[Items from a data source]
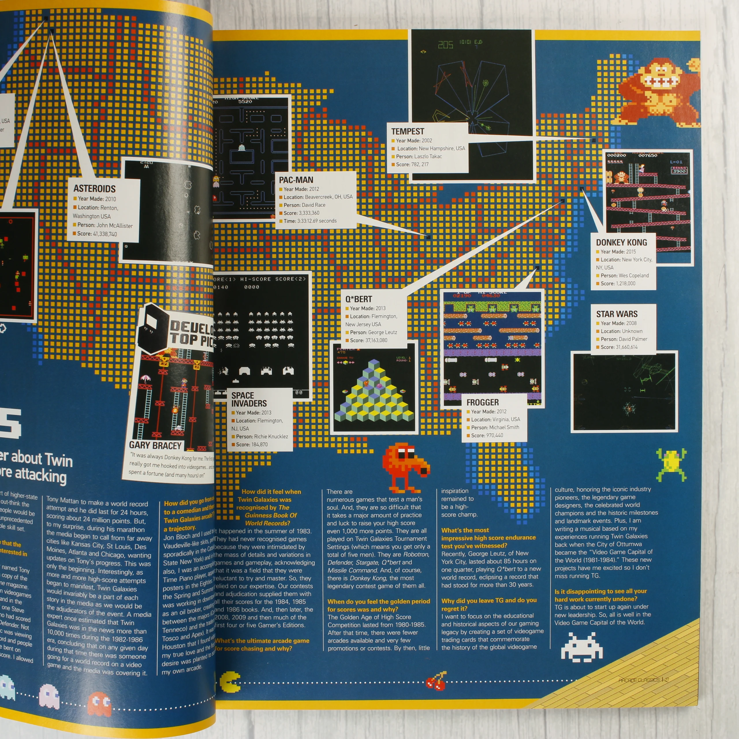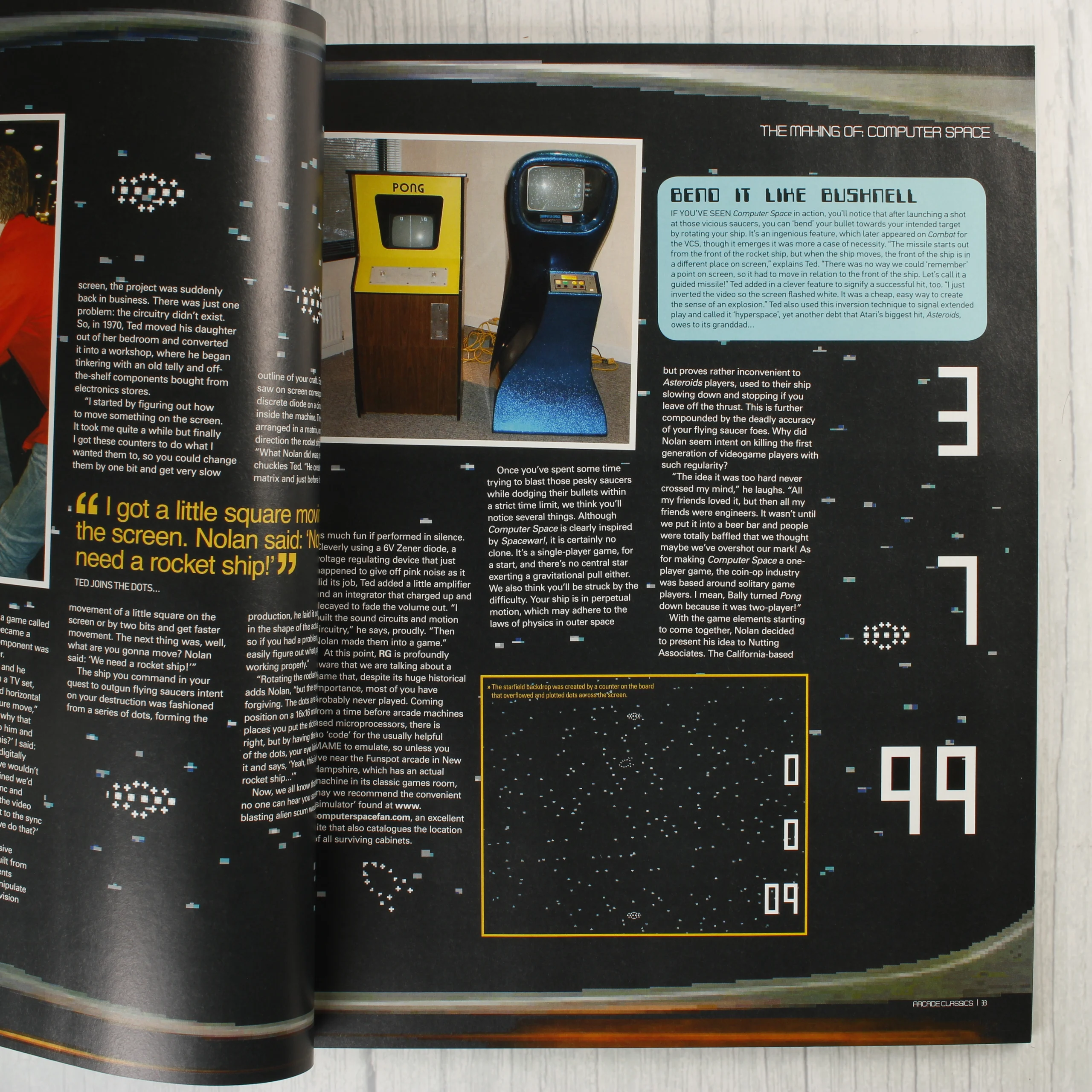 Retro Gamer Book of Arcade Classics magazin a klasszikus játéktermi videójátékokról, fejlesztői interjúkkal és színes illusztrációkkal.
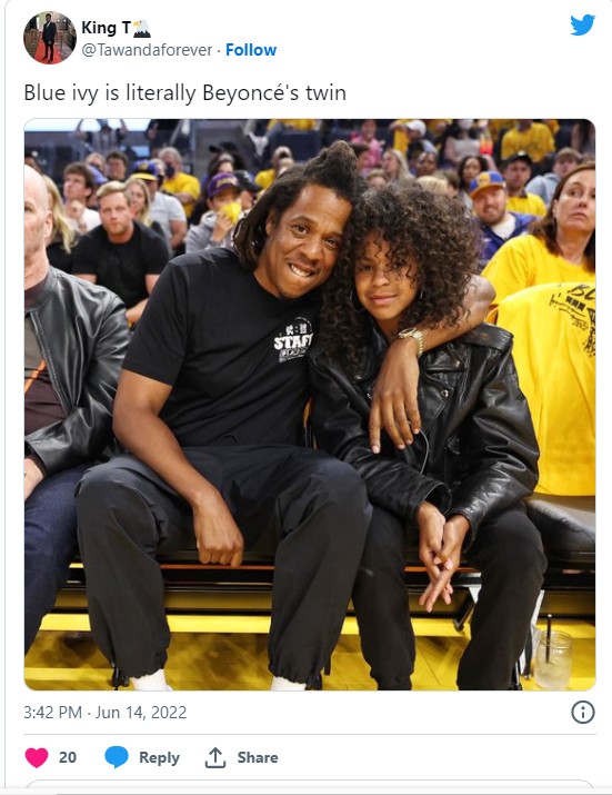 Blue Ivy is literally Beyoncé’s twin, according to one Twitter user, who also added: “Sorry, had to do a double-take when I saw Blue Ivy at the NBA game.”
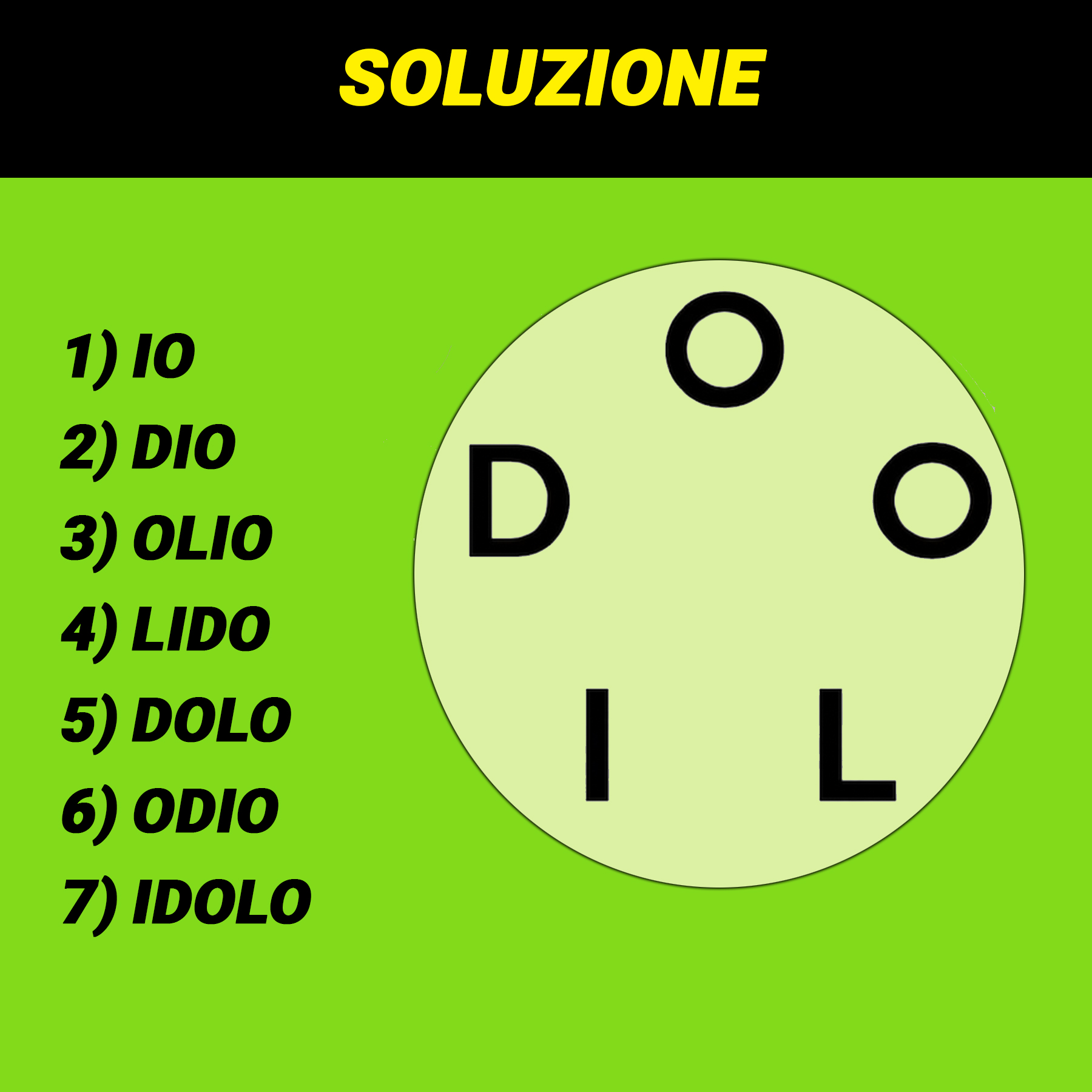 La più lunga delle parole misteriose è proprio “Idolo” che contiene tutte le lettere presenti nella plancia di gioco. Ne restano quattro di quattro lettere. Ma arrivati a questo punto ve ne sveliamo almeno due: olio e lido. Per scoprirle tutte ed avere un quadro generale della soluzione di questo enigma, date un’occhiata qui sotto.
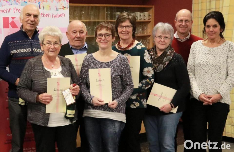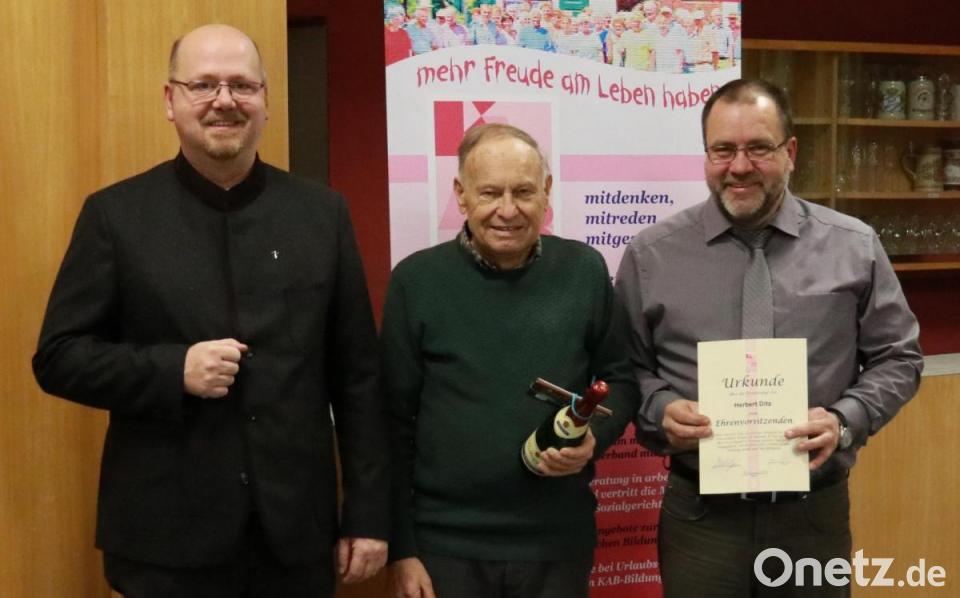 Der langjährige Ortsvorsitzende Herbert Ditz wurde für sein Engagement zum Ehrenvorsitzenden ernannt. Heinz Pohl bekam eine Urkunde für 60-jährige Treue zur KAB. Für 40 Jahre wurden Margaret Eckert, Gisela Feneis, Agnes Hartwig, Hans Koller, Rita Schell und Erich Walberer geehrt. Für 25-jährige Mitgliedschaft zeichneten Träger und Dekan Lukas Elisabeth Nickl-Träger aus.
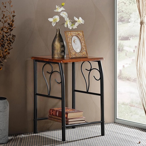 Тумба прикроватная PICCOLO металл/гевея, 37х40х60см, черный/красный дуб
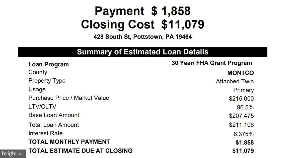 INVEST IN THIS 5-BEDROOM 2 FULL BATHROOM HOME that could result in an almost 20% CASH-ON-CASH RETURN, and a CAP RATE OF OVER 11%, Montgomery County Housing Authority pays $2,980 per month for 5-bedroom twins and end of rows in Pottstown, After subtracting $331 per month for utilities this home nets $2,649 per month in rent and will cash flow over $800 per month, Check out the investment performance images in the photos, and even more details in the documents section, CALL TO LEARN MORE ABOUT HOW MCHA SUBSIDIZED RENTALS (aka Section 8 rents) WORK - FOR OWNER OCCUPANTS CALL TO LEARN ABOUT DOWN PAYMENT ASSISTANCE, GRANTS, AND FORGIVABLE LOANS that make this home even more affordable with mortgage interest rates approaching 6% (Check out the estimate of closing costs and payments in the online documents), SINGLE-FAMILY SEMI-DETACHED home, MOVE-IN- CONDITION, Low maintenance brick exterior, vinyl replacement windows, reliable warm hot water baseboard heat WITH GLEAMING NEW THERMO-DYNAMICS BOILER and BECKETT BURNER INSTALED in DECEMBER 2024, and upgraded 200 amp electric service in an excellent Pottstown location only a block from downtown with new restaurants, pubs, and quaint shops that are all part of revitalizing Pottstown, This home is very inviting and bright and would be appealing to proud owner-occupiers or the best of would-be tenants, Desirable features of this home typically found in modern homes include lots of natural light, handsome exposed brick wall, recessed lighting, ceiling fans in all bedrooms, and ample electrical outlets in all rooms, Large bright kitchen with plenty of cabinetry and a convenient first floor half bath, decorative fireplace, front and rear staircases, and a bright laundry/sunroom overlooking the private yard, Appliances included - FLAT TOP RANGE, SIDE-BY-SIDE REFRIGERATOR and DRYER, Full basement with easy Bilco door access, Off-street parking, Very short walks to Schuylkill River trails, community park and very easy access to Routes 422 and 100, (If a garage is added, total monthly rent would increase by $300 per month and total monthly cash flow would be even higher and more attractive at around $1,100 per month)
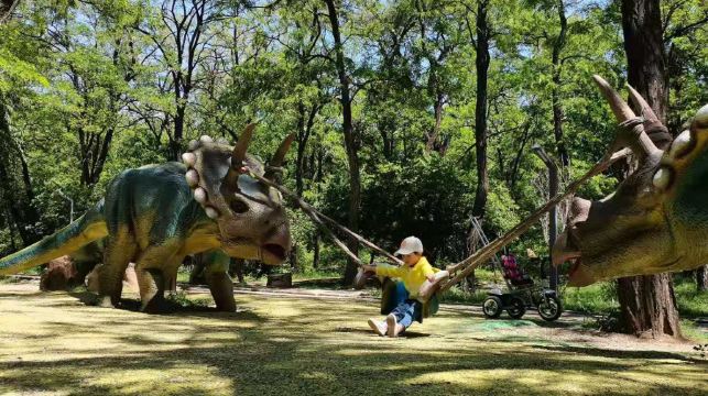 新宁县锦绣恐龙乐园是一个以恐龙主题为特色的独立大型乐园,坐落在美丽的崀山脚下、夫夷江畔,紧邻舜皇里文化旅游产业园。该乐园占地40余亩,以恐龙主题为核心,设有恐龙知识展示区和主题活动体验区,提供了17个机械动力项目和30个游乐体育设施项目。此外,乐园内还设有餐饮、购物、休息等丰富的人文服务设施,以满足游客的多样化需求。再者锦绣恐龙乐园还积极举办各种主题活动和表演,为游客带来精彩纷呈的娱乐体验。总之锦绣恐龙乐园的建成不仅丰富了新宁县的文化旅游业态,填补了文化游乐产业的空白,有效促进了新宁县文化旅游产业的高质量发展,而且成为了崀山旅游的新引擎,为县域经济的发展注入了新的活力。
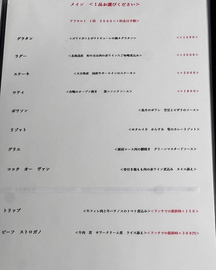 アラカルトの利用は1人1皿+食前1ドリンクお願いします
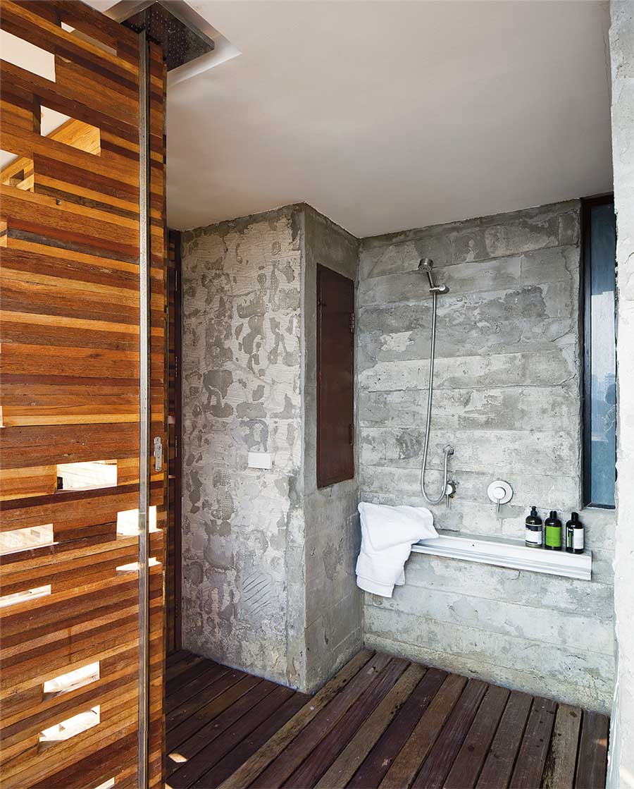 เลือกใช้การสกัดผนังที่แตกต่างกันไปในแต่ละพื้นที่ เป็นการเล่นกับวัสดุแบบเดียวในหลากหลายความรู้สึก ข้อดีของการสร้างพื้นผิวคือแสงและเงาที่แตกต่างกันไปในแต่ละช่วงเวลา ทำให้ผนังเหล่านี้มีเสน่ห์ที่ไม่เหมือนกันเลยทีเดียว
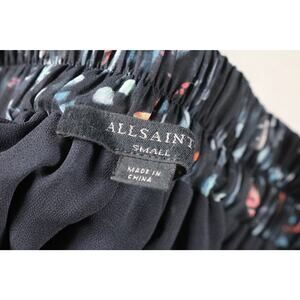 All Saints Mini Skirt Small Black Multi Printed Ruffle Sanse Freefall Skirt
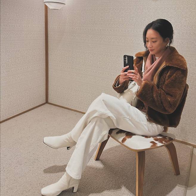 클래식한 겨울 스타일링을 보여주었다. 브라운 퍼 재킷과 화이트 팬츠를 매치해 따뜻하면서도 세련된 분위기를 연출했으며, 스카프를 활용해 포인트를 더했다. 여기에 화이트 앵클부츠를 신어 전체적으로 통일감을 주면서도 우아함을 강조했다.

- _Work order_
Write the lines from the one with "アラカルトの利用は1人1皿+食前1ドリンクお願いします" through the last line of the entries out again exactly, both ends included, and skip the pictures.

- _Answer for the task_
 アラカルトの利用は1人1皿+食前1ドリンクお願いします
 เลือกใช้การสกัดผนังที่แตกต่างกันไปในแต่ละพื้นที่ เป็นการเล่นกับวัสดุแบบเดียวในหลากหลายความรู้สึก ข้อดีของการสร้างพื้นผิวคือแสงและเงาที่แตกต่างกันไปในแต่ละช่วงเวลา ทำให้ผนังเหล่านี้มีเสน่ห์ที่ไม่เหมือนกันเลยทีเดียว
 All Saints Mini Skirt Small Black Multi Printed Ruffle Sanse Freefall Skirt
 클래식한 겨울 스타일링을 보여주었다. 브라운 퍼 재킷과 화이트 팬츠를 매치해 따뜻하면서도 세련된 분위기를 연출했으며, 스카프를 활용해 포인트를 더했다. 여기에 화이트 앵클부츠를 신어 전체적으로 통일감을 주면서도 우아함을 강조했다.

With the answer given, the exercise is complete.